ORIGINAL: el cid again

quote:

Kagoshima was bombarded 10 years after Perry had left by the RN in response to a murder of one of their officials or merchants. They were attacking a particular daimyo, not the whole country. It wasn't even for the murder per se, it was for his failure to pay compensation. It didn't have anything to do with being forced into the modern world.

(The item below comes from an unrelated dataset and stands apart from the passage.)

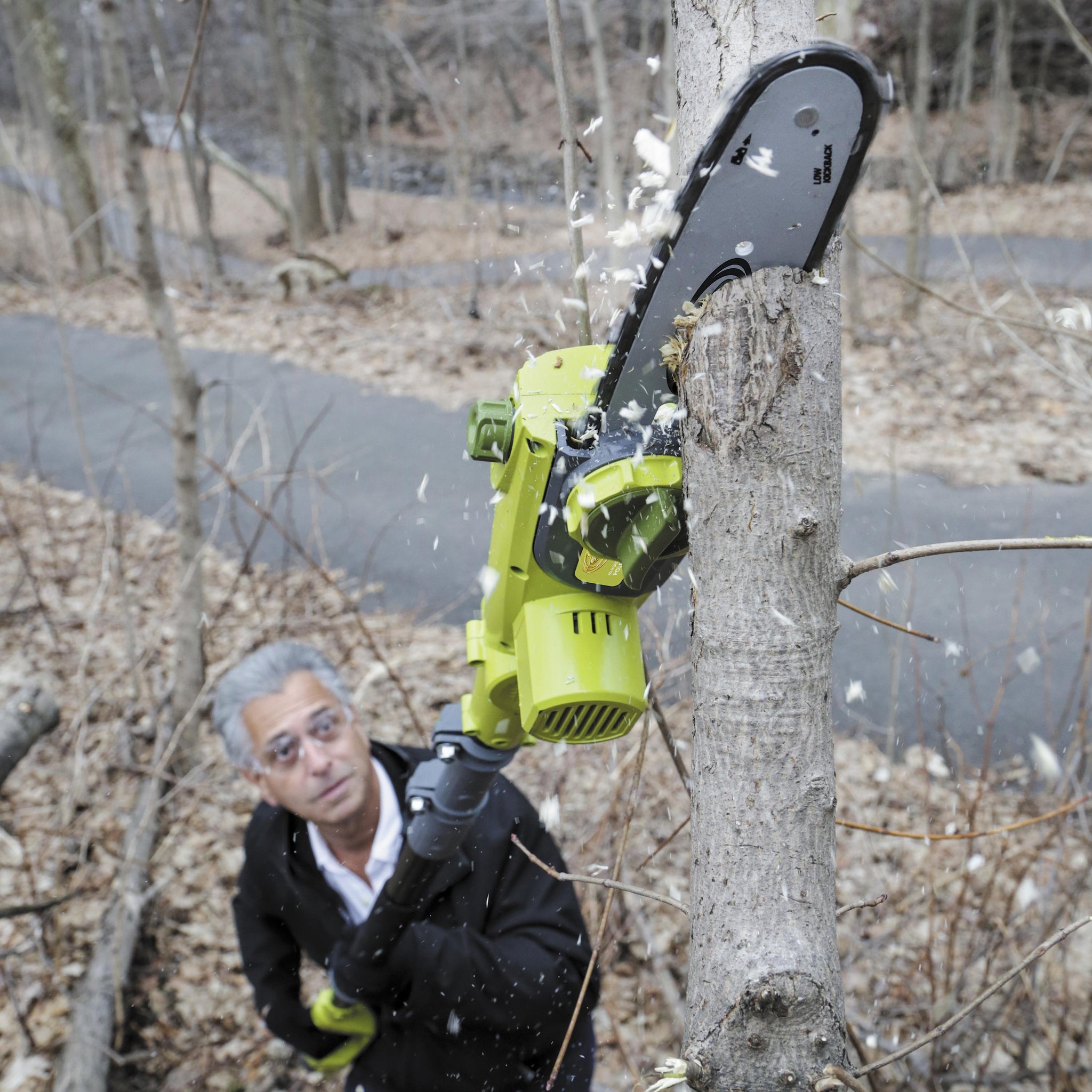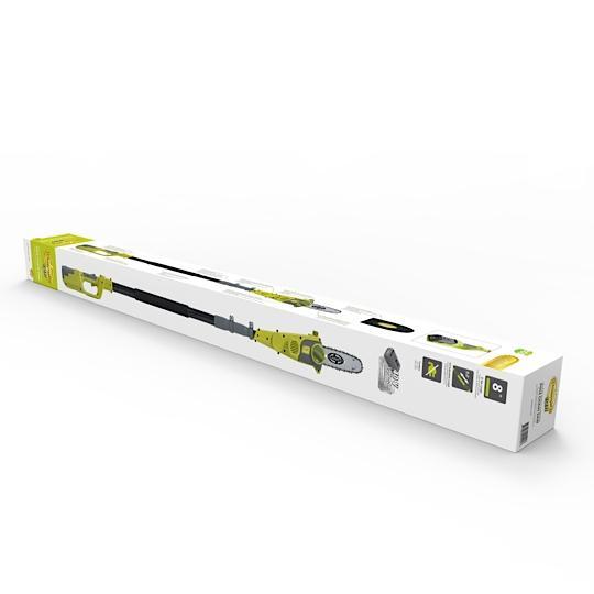 LET GRAVITY DO THE WORK™ The Sun Joe® iON8PS cordless pole chain saw makes it quick and easy to trim your overgrown trees. Powered by the same interchangeable 40 V EcoSharp® battery utilized by the other tools in the iON series, the iON8PS provides the cutting performance of a comparable gas- or electric-powered unit with the convenience and freedom of a lightweight (only 10.8 lbs!) cordless device. Operation is simple: SLIDE the telescoping pole (adjustable from 6.2 ft to 9.8 ft) to your desired length, ADJUST its 30º rotatable head to the optimal cutting position, PUSH a button to power on, and WATCH its 8-inch self-lubricating Oregon cutting bar and chain make quick work out of overhanging tree limbs up to 7.1-inches thick, all while you stand safely on solid ground!

While I do not doubt you have an incident in mind, there are a whole series of such incidents, involving not just British but also French and Dutch warships, spread over many years of time. Wether they can be justified (in this age) is not the point (people should be judged by the standards of their age, not ours) - the point is the Japanese knew from direct experience what bombardment by modern artillery meant. I might have been mixed up about which bombardment - but I don't think so - I suspect you are picking on a later one than I am. The point remains - Japan was dragged out of isolation by pressure from foreign powers - and the leader of the pack was the USA. We WANTED a Japan that was going to trade - to the point we required it. You cannot escape the consequences for the policy you used to have - even if you don't like it today. Cutting trade to Japan in 1941 is not the same as cutting trade to almost any other nation in almost any year. It is a much more severe threat - and many historians in Japan regard it as a proper causus belli. The ONLY mitigator here is that Roosevelt did not intend to make it total - and that is a minor one - command responsibility is still his.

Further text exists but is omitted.